The results above suggest that C. matruchotii possesses a thiol-disulfide oxidoreductase that catalyzes disulfide bond formation critical for oxidative protein folding. Using the C. diphtheriae thiol-disulfide oxidoreductase MdbA (MdbA_Cd) sequence as the query, homology and BLAST searches revealed in the genome of C. matruchotii the hypothetical protein HMPREF0299_7193 as an MdbA homolog with 49% identity (E value of 1 × 10⁻⁶³), here called MdbA_Cm. Predicted to be a 26.8-kDa transmembrane protein, MdbA_Cm harbors a CHYC motif, in which the His residue appears to be characteristic of thiol-disulfide oxidoreductase enzymes in Actinobacteria (13–15).

To define the function of MdbA_Cm, a recombinant protein (residues 44 to 242) lacking a transmembrane domain was cloned in and purified from E. coli for crystallization. The X-ray crystal structure of C. matruchotii MdbA was determined by molecular replacement using the C. diphtheriae MdbA structure (PDB 5C00) (15) as the starting model. The MdbA_cm structure was refined to 1.2-Å resolution with R_work and R_free factors equal to 12.2 and 15.5%, respectively (Tables 1 and 2). The structure represents a reduced form of the protein with the catalytic residue C91 converted to S-hydroxy-l-cysteine (CSO91). The overall structure (Fig. 2A) harbors a typical DsbA/MdbA protein family fold (13, 29–31), which incorporates a thioredoxin-like domain and an α-helical domain. The thioredoxin-like domain (residues 60 to 126 and 196 to 242) consists of a 6-strand β-sheet in the order of β1↓-β2↑-β4↓-β3↓-β5↑-β6↓ and 4 flanking helices (two 3₁₀-helices and two α-helices, α3 and α9) (Fig. 2A; see also Fig. S1A in the supplemental material). The conserved catalytic CHYC motif (residues 91 to 94) forms the active site together with a conserved cis-Pro loop (residues S221 and P222) (Fig. 2C and D). The MdbA α-helical domain comprises 7 α-helices (Fig. 2A and S1A).

TABLE 1.

Crystal data collection statistics

Characteristic	Value(s)a
X-ray wavelength (Å)	0.9792
Space group	C 2221
Unit cell dimensions
a, b, c (Å)	35.6, 82.6, 123.5
α = β = γ (°)	90
Resolution (Å)	39.2–1.2 (1.22–1.20)
No. of unique reflections	55,421 (1,871)
Completeness	96.2% (65.6%)
Rmerge	0.054 (0.34)
CC1/2b (Å2)	—c (0.83)
I/σ	30.7 (2.01)
Redundancy	5.0 (2.2)
No. of molecules per asymmetric unit	1
No. of protein residues	200

^aNumbers in parentheses are for the highest-resolution shell.

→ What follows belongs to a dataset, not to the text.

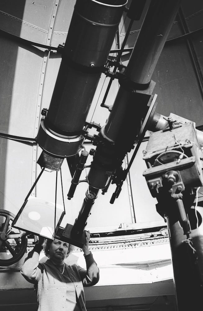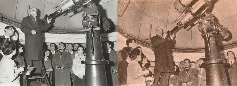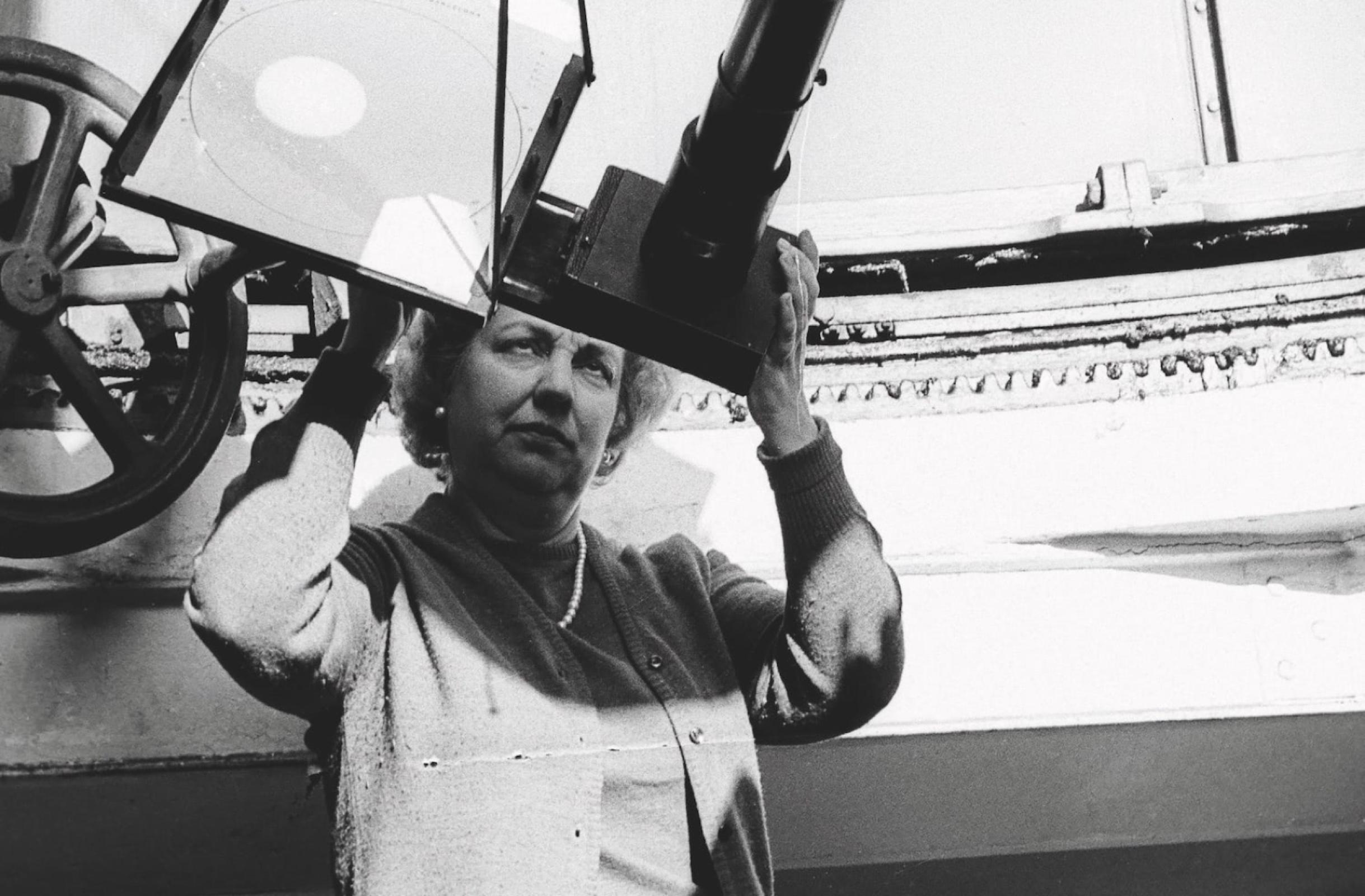 Figura 2. Observación del Sol con el telescopio Grupp. En la entrevista grabada en “Con A de Astrónomas, UNED, 2009” la Dra. Català comentó: “Cuando yo hacía observaciones del Sol, tomábamos cuatro fotografías diarias que enviábamos a Zúrich, donde las reunían todas y analizaban la evolución del Sol”.

^bCC1/2, Pearson's correlation coefficient for one-half of the data set.

^c—, not determined.

TABLE 2.

Structure refinement statistics

Characteristic	Value(s)
Resolution range (Å)	39.2–1.20 (1.23–1.199)
No. of reflections	55,381 (2,891)
σ cutoff	None
R (all) (%)	12.36
R (Rwork) (%)	12.21 (25.4)
Rfree (%)	15.45 (27.8)
RMS deviations from ideal geometry
Bond length (Å)	0.011
Angle (degrees)	1.46
Chiral (Å)	0.082
No. of atoms
Protein	1,690
CAPSO	13
Water	306
Mean B factor (Å2)
All atoms	20.5
Protein atoms	18.3
Protein main chain	15.5
Protein side chain	20.9
CAPSOa	32.1
Water	32.7
MolProbity Ramachandran plot statistics
Residues in favored regions (%)	97.3
Residues in disallowed region (%)	0.0

^aCAPSO, 3-(cyclohexylamino)-2-hydroxy-1-propanesulfonic acid.

FIG 2.

Crystal structure of C. matruchotii MdbA. (A) The C. matruchotii MdbA structure was determined to 1.2-Å resolution and is presented with rainbow colors from blue (Asn44) to red (Lys242). (B) Structure alignment of C. matruchotii MdbA (green) and C. diphtheriae MdbA (gray) (PDB 5C00) was performed using secondary structure matching (SSM) superposition in the COOT program (44). (C) Superposition of the active centers of C. matruchotii MdbA (rainbow colors) and C. diphtheriae MdbA (gray). (D) Electrostatic potential surface for C. matruchotii MdbA generated by Pymol with CSO91 replaced by cysteine; areas of positive charge are shown in blue and those of negative charge in red. The MdbA peptide-binding groove is marked by an oval dotted line.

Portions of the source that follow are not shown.